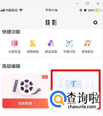 下载安装快影APP,然后打开文字视频选项。
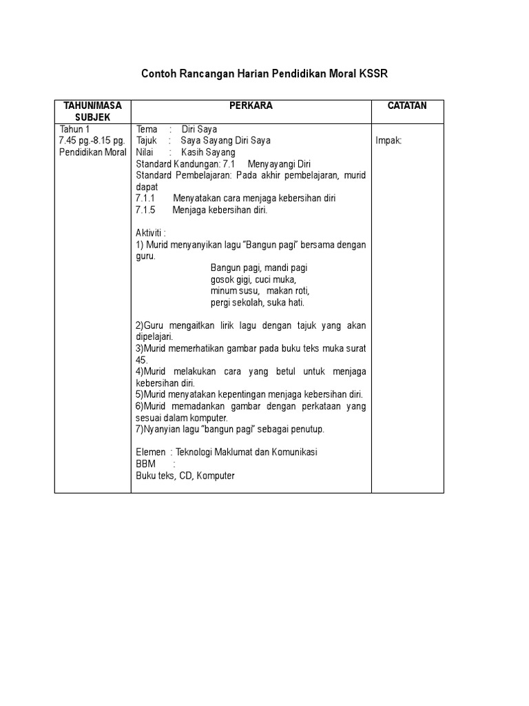Contoh Rancangan Harian Pendidikan Moral
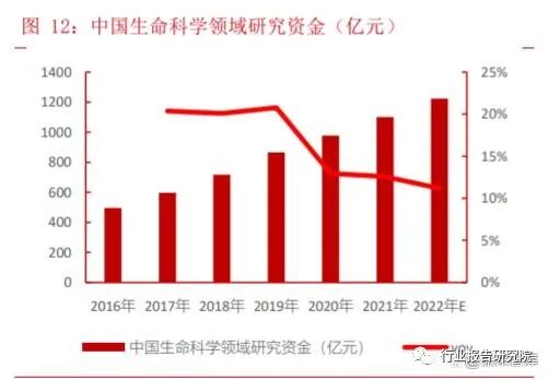 美国同样将发展生物科技提升至战略高度,2022 年 9 月 14 日,白宫举办 “国家生物技术和生物制造计划峰会”,会议承诺发展国内生物经济,加强与 生物技术相关的国防工业基础,包括利用生物学为国防供应链制造产品。在 今年 8 月通过的《芯片与科学法案》中,也出现了生物技术的表述,将加强 生物经济,并帮助推动和保证美国生物技术、生物制造和相关技术的发展。因此,预计全球用于生命科学领域的研究资金将进一步增加,全球生命 科学领域的研究资金投入快速增长,从 2016 年的 1247 亿美元增加到 2020 年 的 1576 亿美元,年复合增长率为 6.0%。中商产业研究院预测,2022 年全球 生命科学领域研究资金投入将达到 1754 亿美元。
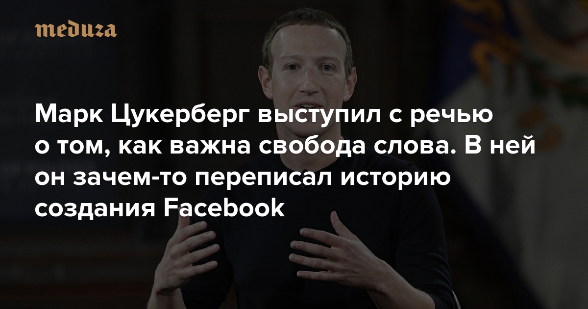 Марк Цукерберг выступил с речью о том, как важна свобода слова В ней он зачем-то переписал историю создания Facebook
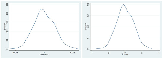 To further eliminate potential interference from unobservable factors in the estimation results, we conducted a placebo test. Specifically, if the positive impact of artificial intelligence (AI) on corporate green collaborative innovation (GCI) were driven by unobservable factors, such an effect would persist even when artificial intelligence indicators were randomly assigned to target firms. Therefore, we randomly assigned the annual artificial intelligence indicators to listed companies in the sample and then repeated the regression of artificial intelligence (Random_AI) and corporate green collaborative innovation (GCI) in random order 1000 times according to Model 1. The results of the placebo test are shown in Figure 2. As illustrated in the left panel of Figure 2, the regression coefficients derived from the randomized simulations exhibited a normal distribution centered around zero, and the absolute values of these coefficients were consistently smaller than the empirically observed coefficient of 0.1193 (see Column (4) in Table 3). Furthermore, the right panel of Figure 2 reveals that only a minimal proportion of the regression coefficients were statistically significant (either positive or negative). These findings indicate that the virtual treatment effect constructed in this study does not exist, which fully indicates that the conclusion that the application of artificial intelligence technology can significantly improve the level of enterprise green collaborative innovation is not caused by other unobservable factors. This further validates the robustness of our findings.
════════════════════
=== Your instructions ===
Provide the lines again, unchanged, from where the data above begins through the line containing "Марк Цукерберг выступил", both ends included, omitting pictures and adding nothing.

=== Task response ===
 下载安装快影APP,然后打开文字视频选项。
Contoh Rancangan Harian Pendidikan Moral
 美国同样将发展生物科技提升至战略高度,2022 年 9 月 14 日,白宫举办 “国家生物技术和生物制造计划峰会”,会议承诺发展国内生物经济,加强与 生物技术相关的国防工业基础,包括利用生物学为国防供应链制造产品。在 今年 8 月通过的《芯片与科学法案》中,也出现了生物技术的表述,将加强 生物经济,并帮助推动和保证美国生物技术、生物制造和相关技术的发展。因此,预计全球用于生命科学领域的研究资金将进一步增加,全球生命 科学领域的研究资金投入快速增长,从 2016 年的 1247 亿美元增加到 2020 年 的 1576 亿美元,年复合增长率为 6.0%。中商产业研究院预测,2022 年全球 生命科学领域研究资金投入将达到 1754 亿美元。
 Марк Цукерберг выступил с речью о том, как важна свобода слова В ней он зачем-то переписал историю создания Facebook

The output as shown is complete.